Supplied records:

####

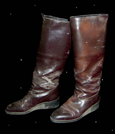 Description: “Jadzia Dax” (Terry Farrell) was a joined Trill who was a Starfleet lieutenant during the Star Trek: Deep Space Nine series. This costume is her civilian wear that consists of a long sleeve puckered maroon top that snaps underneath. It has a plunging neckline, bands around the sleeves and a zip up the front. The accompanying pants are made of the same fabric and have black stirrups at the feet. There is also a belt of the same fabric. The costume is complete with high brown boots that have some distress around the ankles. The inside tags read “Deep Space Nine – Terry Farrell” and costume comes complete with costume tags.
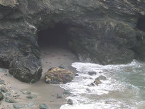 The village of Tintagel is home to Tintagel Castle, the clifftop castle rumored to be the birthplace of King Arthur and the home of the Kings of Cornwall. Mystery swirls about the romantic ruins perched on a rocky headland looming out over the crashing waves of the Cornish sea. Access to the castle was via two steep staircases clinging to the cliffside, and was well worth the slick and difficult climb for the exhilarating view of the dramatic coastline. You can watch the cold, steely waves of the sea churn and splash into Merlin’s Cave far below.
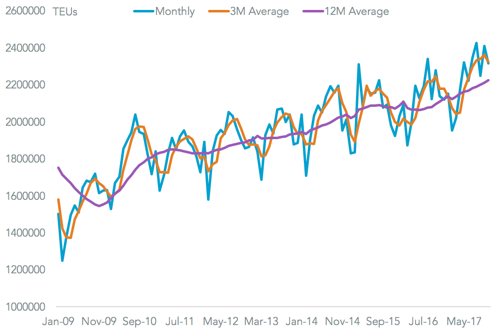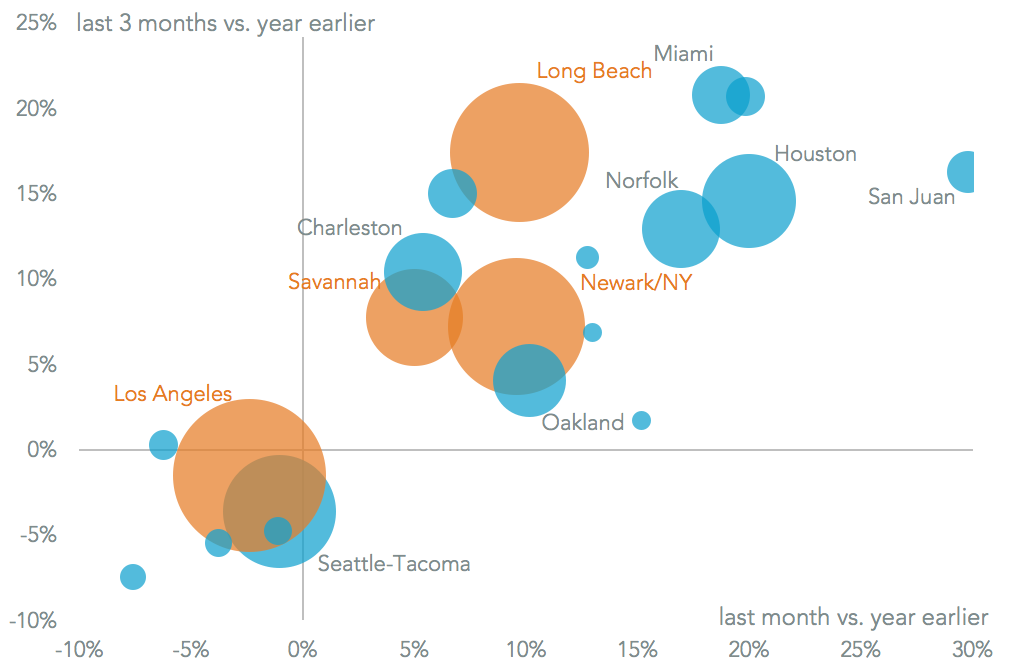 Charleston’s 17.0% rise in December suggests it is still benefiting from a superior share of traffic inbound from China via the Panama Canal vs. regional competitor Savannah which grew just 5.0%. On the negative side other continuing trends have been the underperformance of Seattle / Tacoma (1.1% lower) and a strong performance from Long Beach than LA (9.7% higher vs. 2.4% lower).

####

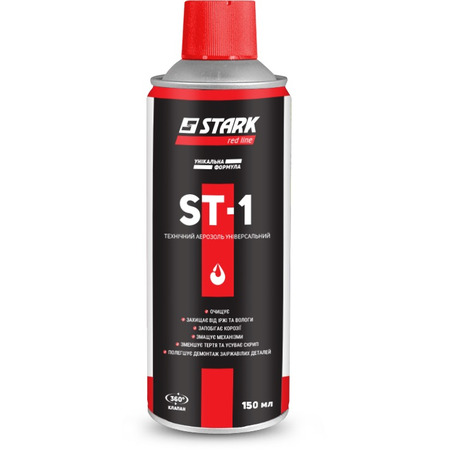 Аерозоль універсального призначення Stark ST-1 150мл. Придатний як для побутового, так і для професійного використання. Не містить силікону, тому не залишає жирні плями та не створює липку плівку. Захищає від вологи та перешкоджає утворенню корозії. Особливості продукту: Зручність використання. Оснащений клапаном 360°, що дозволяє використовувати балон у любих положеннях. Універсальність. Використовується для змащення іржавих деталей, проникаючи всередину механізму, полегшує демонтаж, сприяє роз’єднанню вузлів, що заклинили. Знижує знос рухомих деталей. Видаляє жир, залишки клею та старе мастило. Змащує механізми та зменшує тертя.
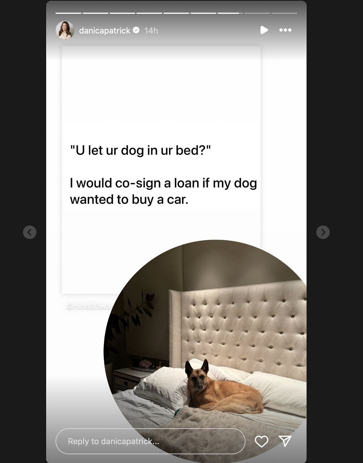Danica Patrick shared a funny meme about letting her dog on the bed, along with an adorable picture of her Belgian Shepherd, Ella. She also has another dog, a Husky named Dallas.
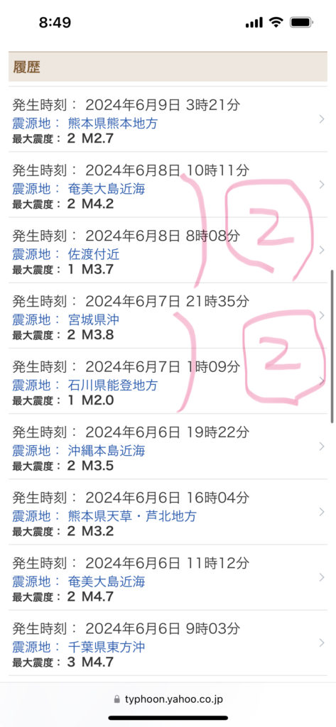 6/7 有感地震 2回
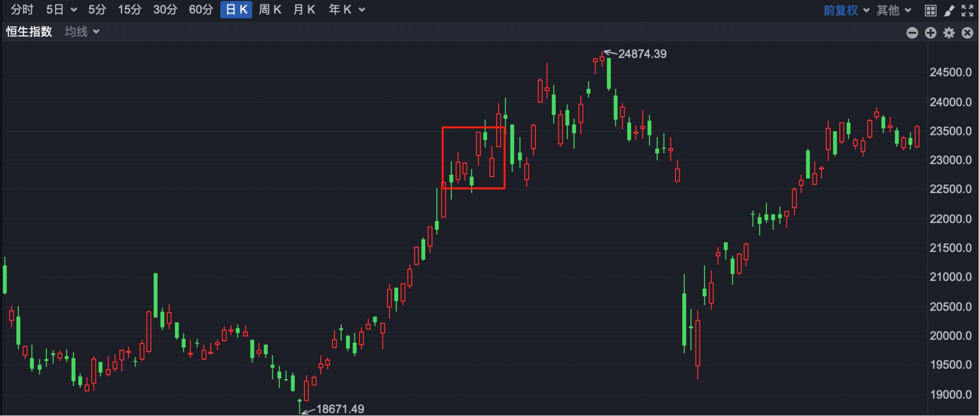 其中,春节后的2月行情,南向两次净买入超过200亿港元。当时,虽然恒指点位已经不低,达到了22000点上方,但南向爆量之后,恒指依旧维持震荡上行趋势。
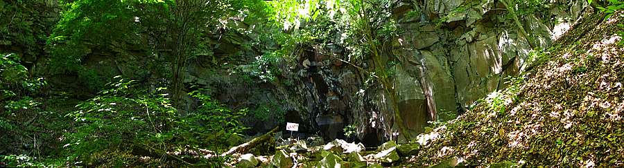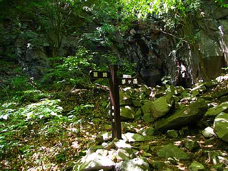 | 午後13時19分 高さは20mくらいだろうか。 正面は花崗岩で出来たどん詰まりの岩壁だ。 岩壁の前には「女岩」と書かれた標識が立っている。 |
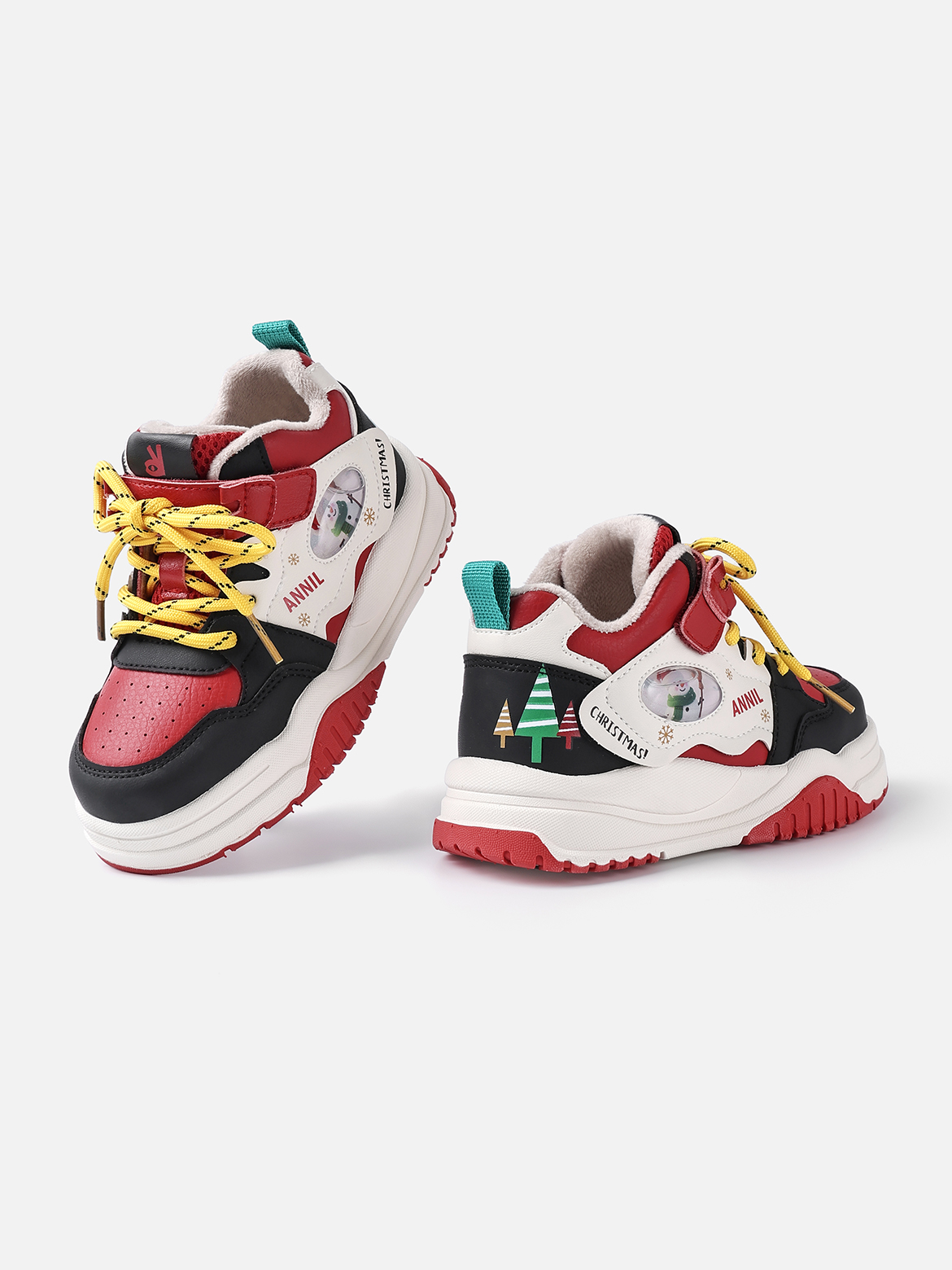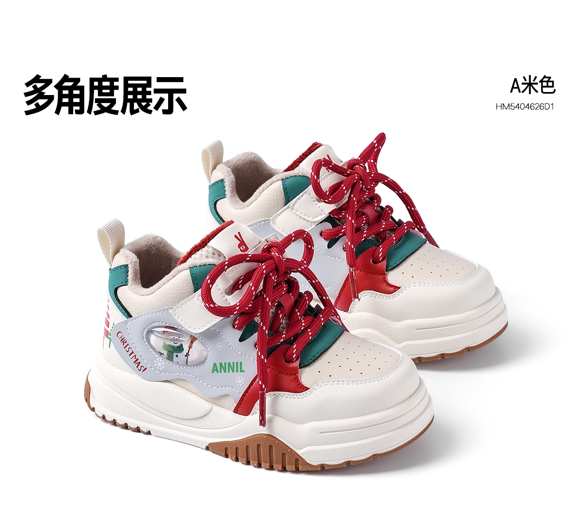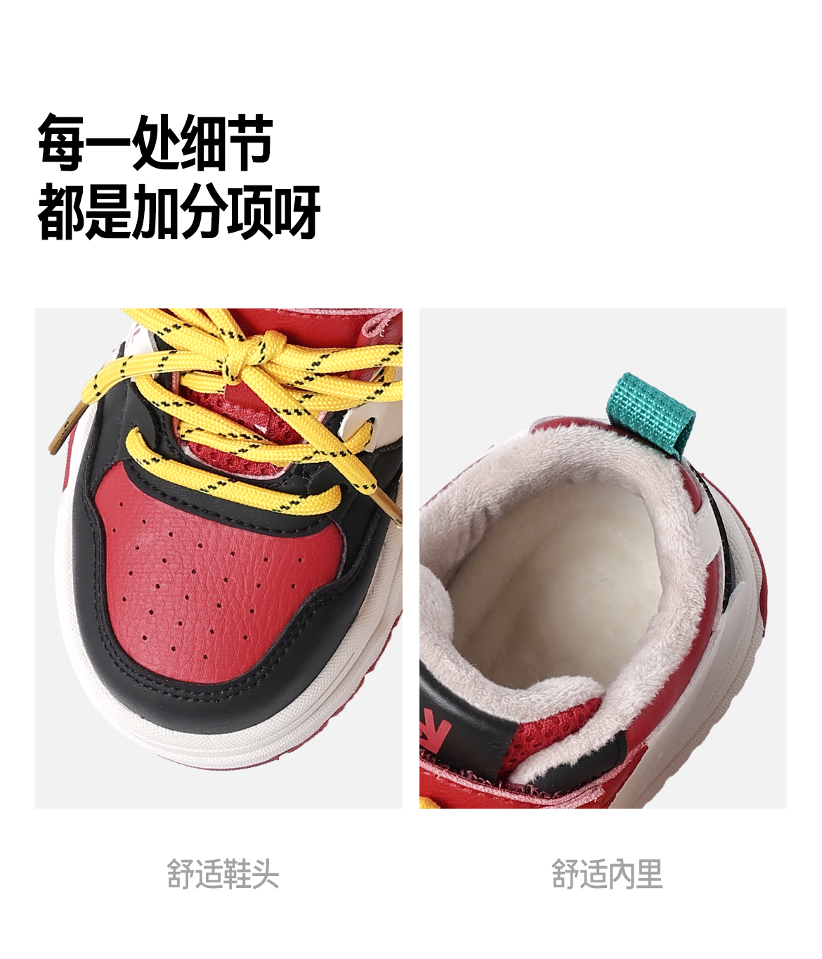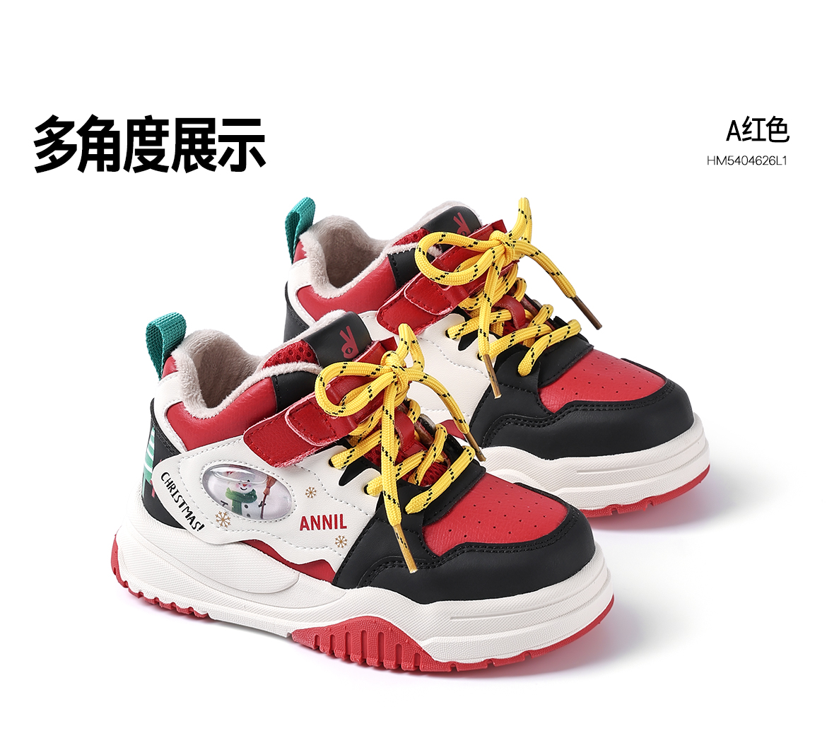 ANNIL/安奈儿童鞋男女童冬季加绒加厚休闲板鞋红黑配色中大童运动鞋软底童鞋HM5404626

####

Assignment: Look above for the line with "6/7 有感地震 2回" and the line with "ANNIL/安奈儿童鞋男女童", then copy them and all lines in between exactly as written, and only those, without any pictures.

Your solution:
 6/7 有感地震 2回
 其中,春节后的2月行情,南向两次净买入超过200亿港元。当时,虽然恒指点位已经不低,达到了22000点上方,但南向爆量之后,恒指依旧维持震荡上行趋势。
 | 午後13時19分 高さは20mくらいだろうか。 正面は花崗岩で出来たどん詰まりの岩壁だ。 岩壁の前には「女岩」と書かれた標識が立っている。 |
 ANNIL/安奈儿童鞋男女童冬季加绒加厚休闲板鞋红黑配色中大童运动鞋软底童鞋HM5404626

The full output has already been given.